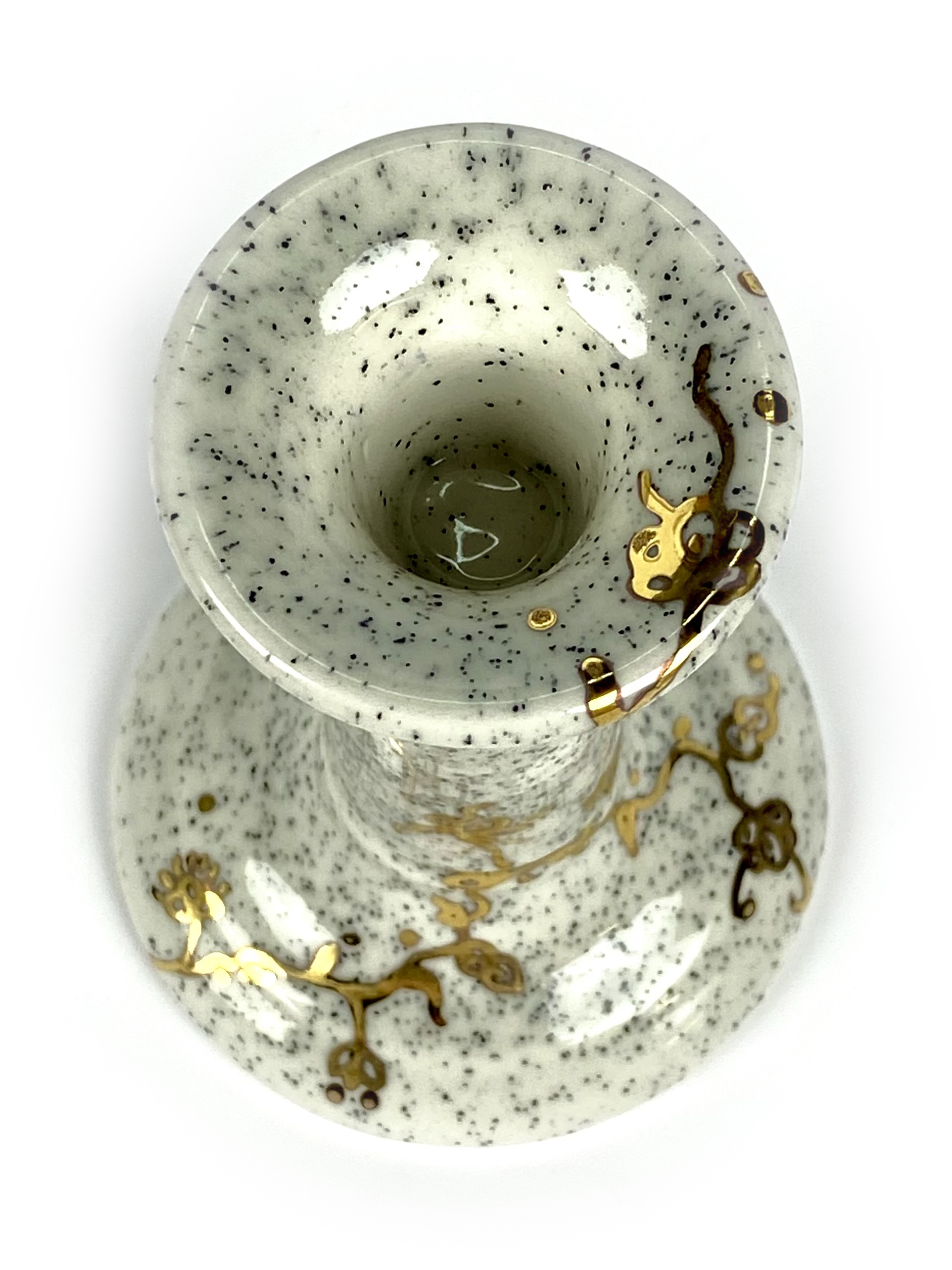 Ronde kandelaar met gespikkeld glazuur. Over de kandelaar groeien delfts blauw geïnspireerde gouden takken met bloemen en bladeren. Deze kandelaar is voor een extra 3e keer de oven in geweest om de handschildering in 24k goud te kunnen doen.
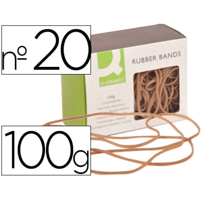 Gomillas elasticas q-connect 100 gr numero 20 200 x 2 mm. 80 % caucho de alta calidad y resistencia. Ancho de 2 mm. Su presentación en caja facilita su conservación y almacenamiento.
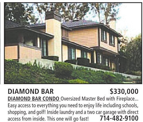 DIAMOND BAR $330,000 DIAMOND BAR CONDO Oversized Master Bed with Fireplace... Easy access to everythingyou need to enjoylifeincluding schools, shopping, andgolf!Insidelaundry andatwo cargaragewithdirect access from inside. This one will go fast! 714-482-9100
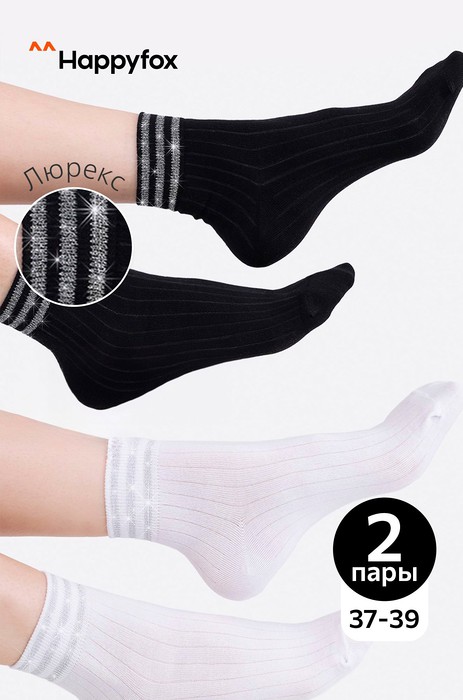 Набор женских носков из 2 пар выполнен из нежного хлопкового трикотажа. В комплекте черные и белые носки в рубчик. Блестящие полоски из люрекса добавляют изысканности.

++++

- _What you should do_:
Output the data exactly as it appears. The pictures do not belong in it.

- _Answer to this task_:
 Ronde kandelaar met gespikkeld glazuur. Over de kandelaar groeien delfts blauw geïnspireerde gouden takken met bloemen en bladeren. Deze kandelaar is voor een extra 3e keer de oven in geweest om de handschildering in 24k goud te kunnen doen.
 Gomillas elasticas q-connect 100 gr numero 20 200 x 2 mm. 80 % caucho de alta calidad y resistencia. Ancho de 2 mm. Su presentación en caja facilita su conservación y almacenamiento.
 DIAMOND BAR $330,000 DIAMOND BAR CONDO Oversized Master Bed with Fireplace... Easy access to everythingyou need to enjoylifeincluding schools, shopping, andgolf!Insidelaundry andatwo cargaragewithdirect access from inside. This one will go fast! 714-482-9100
 Набор женских носков из 2 пар выполнен из нежного хлопкового трикотажа. В комплекте черные и белые носки в рубчик. Блестящие полоски из люрекса добавляют изысканности.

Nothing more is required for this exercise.